[REQUIREMENT] Check each line of the entries below for the string "hand"; copy every line where it appears.

START DATA FOR PROCESSING

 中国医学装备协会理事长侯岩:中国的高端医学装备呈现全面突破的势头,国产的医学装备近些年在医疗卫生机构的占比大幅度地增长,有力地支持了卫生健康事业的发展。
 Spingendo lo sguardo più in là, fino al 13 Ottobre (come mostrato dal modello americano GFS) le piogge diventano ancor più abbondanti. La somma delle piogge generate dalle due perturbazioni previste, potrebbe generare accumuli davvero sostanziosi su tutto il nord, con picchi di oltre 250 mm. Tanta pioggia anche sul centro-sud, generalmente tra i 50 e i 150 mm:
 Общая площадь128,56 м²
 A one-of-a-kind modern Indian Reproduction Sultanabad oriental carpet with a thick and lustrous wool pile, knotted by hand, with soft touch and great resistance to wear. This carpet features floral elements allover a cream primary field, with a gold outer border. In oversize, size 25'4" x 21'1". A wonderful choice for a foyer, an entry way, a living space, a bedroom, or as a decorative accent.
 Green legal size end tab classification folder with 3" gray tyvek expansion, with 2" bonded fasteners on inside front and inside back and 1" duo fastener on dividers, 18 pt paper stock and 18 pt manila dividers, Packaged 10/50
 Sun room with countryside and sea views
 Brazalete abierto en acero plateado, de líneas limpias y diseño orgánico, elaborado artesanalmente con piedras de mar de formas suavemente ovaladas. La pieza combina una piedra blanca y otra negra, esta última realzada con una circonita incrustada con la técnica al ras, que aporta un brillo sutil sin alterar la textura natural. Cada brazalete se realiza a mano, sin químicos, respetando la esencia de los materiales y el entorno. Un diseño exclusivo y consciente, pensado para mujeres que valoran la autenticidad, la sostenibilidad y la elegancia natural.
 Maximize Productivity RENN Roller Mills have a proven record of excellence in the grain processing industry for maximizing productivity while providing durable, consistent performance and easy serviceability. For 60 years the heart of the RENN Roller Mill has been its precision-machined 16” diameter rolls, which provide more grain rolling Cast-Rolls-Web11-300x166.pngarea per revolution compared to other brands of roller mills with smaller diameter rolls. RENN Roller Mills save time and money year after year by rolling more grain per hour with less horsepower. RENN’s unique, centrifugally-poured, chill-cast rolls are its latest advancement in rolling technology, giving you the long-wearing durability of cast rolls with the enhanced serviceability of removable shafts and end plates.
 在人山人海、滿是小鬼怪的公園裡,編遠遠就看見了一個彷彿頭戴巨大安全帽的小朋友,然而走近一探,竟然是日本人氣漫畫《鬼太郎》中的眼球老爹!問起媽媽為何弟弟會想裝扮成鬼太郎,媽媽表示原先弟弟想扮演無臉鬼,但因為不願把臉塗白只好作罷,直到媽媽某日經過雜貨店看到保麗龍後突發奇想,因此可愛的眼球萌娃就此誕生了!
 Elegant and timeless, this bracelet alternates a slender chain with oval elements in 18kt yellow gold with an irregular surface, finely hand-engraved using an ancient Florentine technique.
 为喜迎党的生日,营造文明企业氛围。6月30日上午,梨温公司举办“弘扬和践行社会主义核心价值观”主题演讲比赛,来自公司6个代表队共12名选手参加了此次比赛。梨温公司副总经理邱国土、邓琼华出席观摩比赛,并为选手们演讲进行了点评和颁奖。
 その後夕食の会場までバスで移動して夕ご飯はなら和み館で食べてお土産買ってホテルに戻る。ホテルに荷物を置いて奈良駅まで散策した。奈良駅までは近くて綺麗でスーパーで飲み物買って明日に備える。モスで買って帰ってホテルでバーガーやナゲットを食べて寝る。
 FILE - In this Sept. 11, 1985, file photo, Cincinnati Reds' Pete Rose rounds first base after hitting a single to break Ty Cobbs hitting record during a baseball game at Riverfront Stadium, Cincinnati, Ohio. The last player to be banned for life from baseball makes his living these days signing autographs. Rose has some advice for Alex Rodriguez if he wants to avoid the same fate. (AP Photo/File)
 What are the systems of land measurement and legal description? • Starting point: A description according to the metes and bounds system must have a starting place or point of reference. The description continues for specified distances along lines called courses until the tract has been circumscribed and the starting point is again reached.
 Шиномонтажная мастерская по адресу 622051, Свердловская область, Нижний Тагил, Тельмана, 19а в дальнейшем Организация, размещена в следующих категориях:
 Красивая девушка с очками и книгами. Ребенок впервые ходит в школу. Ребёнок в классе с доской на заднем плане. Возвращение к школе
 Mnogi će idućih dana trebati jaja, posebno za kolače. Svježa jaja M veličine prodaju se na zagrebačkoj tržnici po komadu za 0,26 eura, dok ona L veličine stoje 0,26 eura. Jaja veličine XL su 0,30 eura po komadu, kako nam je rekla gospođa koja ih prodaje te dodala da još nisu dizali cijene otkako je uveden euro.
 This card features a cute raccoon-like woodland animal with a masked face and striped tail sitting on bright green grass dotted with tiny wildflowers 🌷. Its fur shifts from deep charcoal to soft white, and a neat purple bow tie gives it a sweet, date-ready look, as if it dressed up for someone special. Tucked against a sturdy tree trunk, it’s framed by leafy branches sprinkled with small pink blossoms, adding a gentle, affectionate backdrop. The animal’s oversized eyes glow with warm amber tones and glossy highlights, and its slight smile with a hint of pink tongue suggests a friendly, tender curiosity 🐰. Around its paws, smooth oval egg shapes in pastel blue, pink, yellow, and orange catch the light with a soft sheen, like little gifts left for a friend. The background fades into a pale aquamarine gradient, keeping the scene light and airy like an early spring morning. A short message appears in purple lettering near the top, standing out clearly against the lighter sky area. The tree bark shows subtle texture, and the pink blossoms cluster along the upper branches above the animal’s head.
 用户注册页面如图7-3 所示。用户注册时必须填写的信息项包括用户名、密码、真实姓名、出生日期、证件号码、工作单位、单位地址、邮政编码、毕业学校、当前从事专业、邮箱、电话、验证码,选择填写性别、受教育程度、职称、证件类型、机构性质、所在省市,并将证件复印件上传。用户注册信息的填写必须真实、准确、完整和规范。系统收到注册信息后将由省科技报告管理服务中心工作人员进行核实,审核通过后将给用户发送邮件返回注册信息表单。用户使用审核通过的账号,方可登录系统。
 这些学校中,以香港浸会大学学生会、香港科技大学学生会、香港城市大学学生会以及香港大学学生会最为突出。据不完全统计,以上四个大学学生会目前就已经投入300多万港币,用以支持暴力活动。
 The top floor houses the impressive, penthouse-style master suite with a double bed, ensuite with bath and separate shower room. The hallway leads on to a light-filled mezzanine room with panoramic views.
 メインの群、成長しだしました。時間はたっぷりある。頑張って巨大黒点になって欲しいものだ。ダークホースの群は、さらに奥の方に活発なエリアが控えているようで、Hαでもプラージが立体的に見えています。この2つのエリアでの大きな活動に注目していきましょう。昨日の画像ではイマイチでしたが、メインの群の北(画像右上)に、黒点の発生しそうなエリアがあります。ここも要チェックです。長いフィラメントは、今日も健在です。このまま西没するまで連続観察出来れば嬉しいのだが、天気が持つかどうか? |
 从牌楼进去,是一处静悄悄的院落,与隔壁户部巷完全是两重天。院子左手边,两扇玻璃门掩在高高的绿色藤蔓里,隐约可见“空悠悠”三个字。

END DATA FOR PROCESSING

[WRITTEN RESPONSE]
 A one-of-a-kind modern Indian Reproduction Sultanabad oriental carpet with a thick and lustrous wool pile, knotted by hand, with soft touch and great resistance to wear. This carpet features floral elements allover a cream primary field, with a gold outer border. In oversize, size 25'4" x 21'1". A wonderful choice for a foyer, an entry way, a living space, a bedroom, or as a decorative accent.
 Elegant and timeless, this bracelet alternates a slender chain with oval elements in 18kt yellow gold with an irregular surface, finely hand-engraved using an ancient Florentine technique.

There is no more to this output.